I loved every bit of Memento, feeling almost in first-hand, what the protagonist was going through.  Guy Pearce did not need to look like a WWE wrestler to impress upon the viewers.  Probably Aamir thought just having such a body would make everything else, including acting uneccessary.  The ending was a total class-act, teasing the brain with further angles and possibilities, giving the mind something to chew on.  Ghajini only gave me a head-ache, in comparison.

The third movie I saw was Slumdog Millionaire.  Excellent movie.  Brilliant acting by rank new comers.  Take a hint,  Aamir, SRK, Akshay Kumar and all the others.  Your days of  being able to sell crap just because it has your signature on it, are coming to an end.  Real soon.

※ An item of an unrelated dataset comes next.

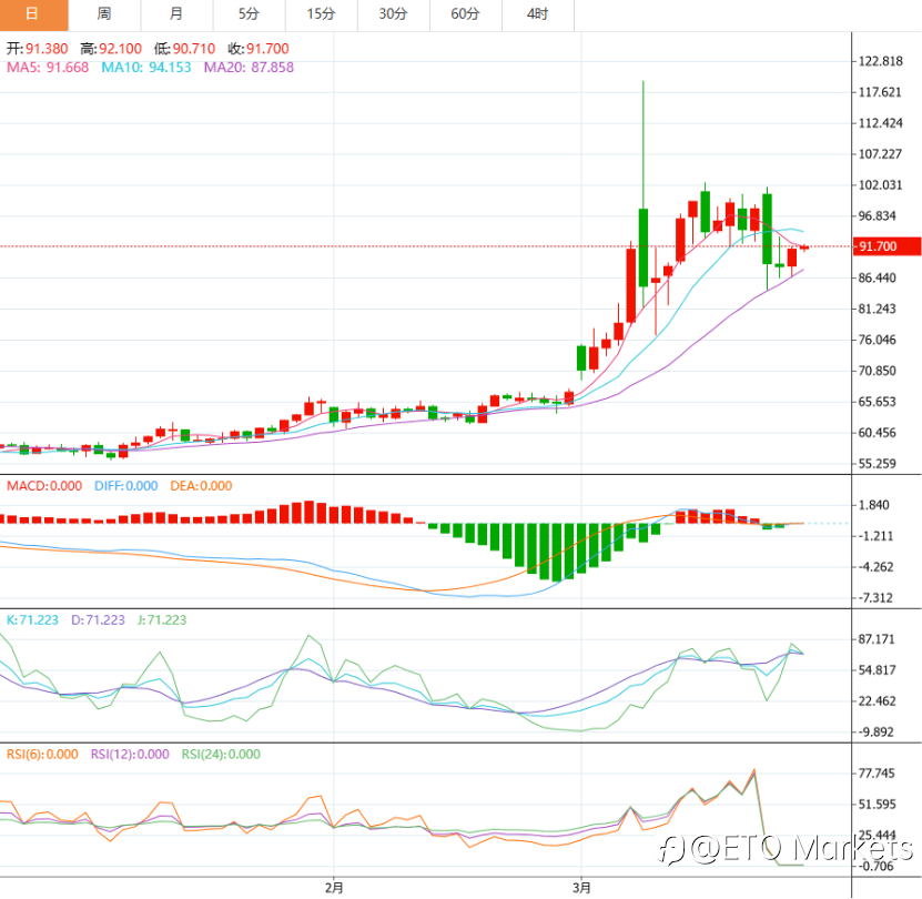 近期,中东局势持续升级,成为推动国际原油市场剧烈波动的核心变量。据外媒报道,美国政府内部曾讨论油价在冲突全面升级背景下可能飙升至 200 美元的极端情境,该消息虽被白宫否认,但仍显著强化了市场对供应中断风险的关注。ETO Markets 认为,当前油价格局正从单边上涨转向“地缘溢价+基本面博弈”的双重驱动阶段。 价格表现:地缘溢价主导上涨 自 2 月底冲突升级以来,国际油价明显上涨,WTI 原油累计上涨约 30 %,升至每桶 91 美元附近,布伦特原油涨幅接近 40 %,达到约 102 美元。ETO Markets 分析指出,核心驱动在于市场对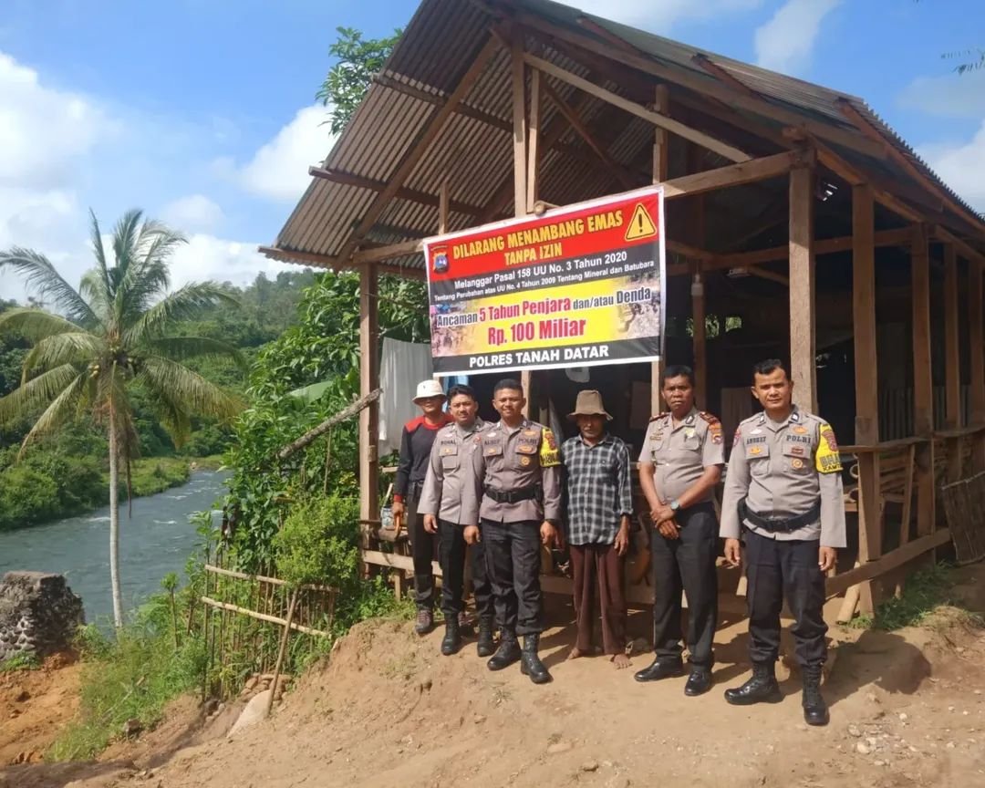 MEDIAINVESTIGASIMABES.CO.ID | TANAH DATAR (SUMBAR) – Genderang perang terhadap Penambangan Emas Tanpa Izin (PETI) resmi ditabuh di wilayah hukum Polsek Rambatan. Sebagai langkah nyata menyelamatkan lingkungan dan menegakkan hukum, jajaran Polsek Rambatan melakukan aksi jemput bola dengan memasang spanduk peringatan keras di sejumlah titik panas tambang ilegal pada Selasa (28/04/2026).

The obvious question that came to the mind was why can’t Indian directors come up with a movie like Slumdog which is set in India and is about Indians?  Director Anurag Basu, in an interview to ‘The Hindu’ has stated that Indian directors don’t easily grab such opportunities as they read less or don’t read at all.  Amazing isn’t it?  Why read books when you can load a Hollywood movie into the DVD player and see how it can be ripped-off?  Creativity, anybody??? The movie was very enjoyable, taking the viewer on a rollercoaster ride starting in the slums and ending in riches.  One would be tempted to call it a ‘feel-good’ movie, but it does not attempt to sell a sugar-coated pill.  It makes no attempts at all to mask the sleaze and the slime.  What you see is what you actually get or rather, what you actually get is what you get to see, in the movie. On a side note,  I thought that Rehman’s Golden Globe winning ‘Jai Ho’ song was very ordinary, by his own standards as well as by that of Bollywood.  Does it mean that our music is way ahead of our filmmaking abilities?

The last movie that I caught was DasVidaniya.  Again, an exeptional poignant movie.  Brilliant acting by Vinay Pathak as the geek who gets rudely shaken out of his routine by a terminal illness and decides to make the most out of the rest of his life.  Shades of American Beauty are visible here and there, like the conversation Amar (Vinay Pathak) has with his alter-ego, when he realizes he has been ‘dead’ for years and decides to get his life back, including getting back at his boss, but the shades are just that, a salute of sorts and definitely no ripping off. Movies like DasVidaniya and ‘A Wednesday’ are the only reason why many viewers including yours truly have not completely given up on Bollywood.  About the rest, it’s time they stopped thinking that building biceps like the world is running out of steroids and dressing up like Chinese and cracking corny jokes can be substitutes for acting.